CTEs are an extremely valuable tool for modularizing and reusing SQL logic. They're also a frequent focus of optimization discussions, as their usage has been associated with unexpected and sometimes inefficient query execution. In this post, we dig into the impact of CTEs on query plans, understand when they are safe to use, and when they may be best avoided.


Introduction

Much has been written about the impact of CTEs on performance in the past few years:

But the fact we’re still seeing so much discussion shows we’ve not reached a conclusion yet. This post aims to provide a reasoned set of guidelines for when you should use CTEs, and when you might want to avoid them. Snowflake's query optimizer is being continuously improved, and like in the posts linked above, the behavior observed in this post will change over time.

We'll make use of query profiles to understand the impact of different query designs on execution. If query profiles are new to you or you'd like a refresher, check out our post on how to use Snowflake's query profile.

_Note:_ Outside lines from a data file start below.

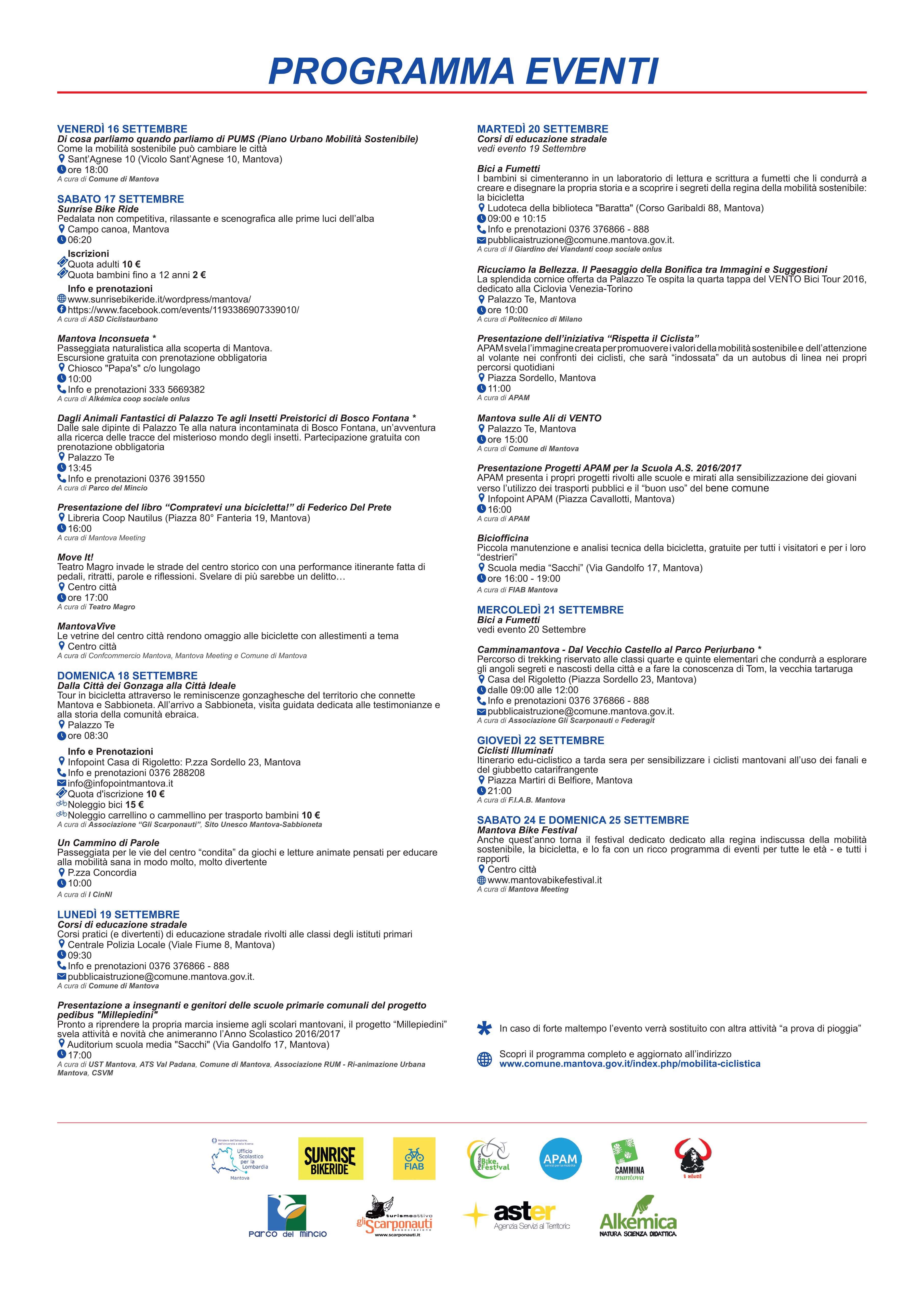 Il programma è ricco di eventi con la bicicletta, come la pedalata alle prime luci dell'alba, sabato 17, organizzata da Surise Bike Ride, la biciclettata da Mantova a Sabbioneta proposta dall'associazione "Gli Scarponauti" domenica 18, le visite naturalistiche condotte da Alkemica e gli incontri culturali alla Biblioteca Baratta. La Fiab di Mantova attiverà presso la Scuola Media Sacchi un laboratorio di piccola manutenzione gratuita della bicicletta e guiderà l'itinerario in notturna di giovedì 22, "Ciclisti illuminati", per l'educazione all'uso dei fanali e del giubbetto catarifrangente che verranno regalati dall'Aster ai partecipanti. Teatro Magro che invaderà le strade del centro storico con una performance itinerante fatta di pedali, ritratti e narrazioni misteriose nella notte bianca di sabato 17 settembre.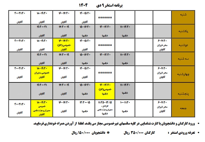 اصغر حسینی نژاد مسئول استخر 9 دی تلفن : 3318 |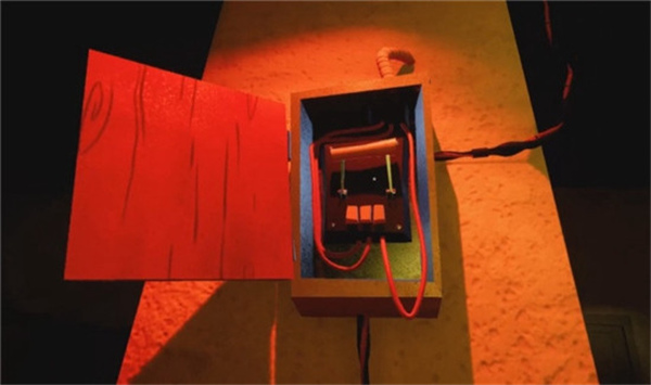 8、当然也可以放在电箱下面,踩上去关掉屋里的电源,当邻居来修理电源的时候,我们就能偷偷摸进屋内去找桌上的钥匙开启仓库大门了,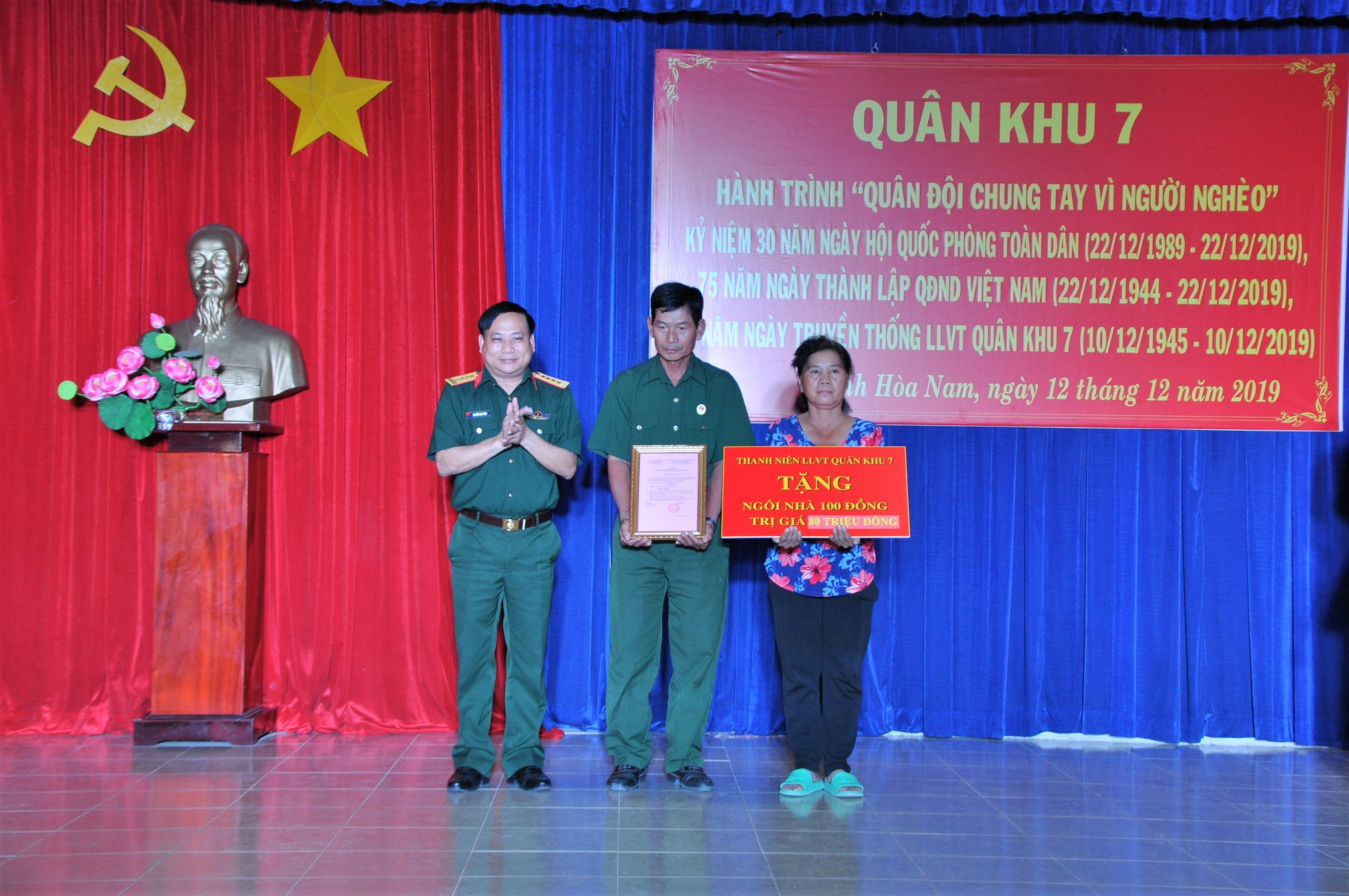 (QK7 Online) – Sáng ngày 12/12, tại xã Bình Hòa Nam, huyện Đức Huệ, tỉnh Long An, cán bộ đoàn viên, thanh niên, công đoàn, hội viên phụ nữ LLVT Quân khu 7 tổ chức về nguồn hành trình “Quân đội chung tay vì người nghèo” nhằm thiết thực chào mừng kỷ niệm 30 năm Ngày Hội Quốc phòng toàn dân (22/12/1989-22/12/2019), 75 năm Ngày thành lập Quân đội nhân dân Việt Nam (22/12/1944-22/12/2019) và 74 năm Ngày truyền thống LLVT Quân khu 7 (10/12/1945-10/12/2019).

Let’s start with a recap of what CTEs are and why they’re popular.

What are CTEs?

A CTE, or common table expression, is a subquery with a name attached. They are declared using a with clause, and can then be selected from using their name identifier:

with my_cte as (
select 1
)
select * from my_cte

CTEs are comma delimited, meaning we can define several by separating them with commas:

with my_cte as (
select 1
),
my_cte_2 as (
select 2
)
select *
from my_cte
left join my_cte_2

We can also put CTEs inside CTEs if we so wish (though things get a little hard to read!):

with my_cte as (
with my_inner_cte as (
select 1
)
select * from my_inner_cte
)
select *
from my_cte

Why use CTEs?

The main reasons to use CTEs are:

  1. CTEs can help separate SQL logic into separate, isolated subqueries. That makes debugging easier as you can simply select * from cte to run a CTE in isolation.
  2. CTEs provide a way of writing procedural-like SQL in a top-to-bottom style, which can help with code review and maintainability.
  3. CTEs can help conform to the DRY (don’t repeat yourself) principle, providing a single place to define logic that is referenced multiple times downstream.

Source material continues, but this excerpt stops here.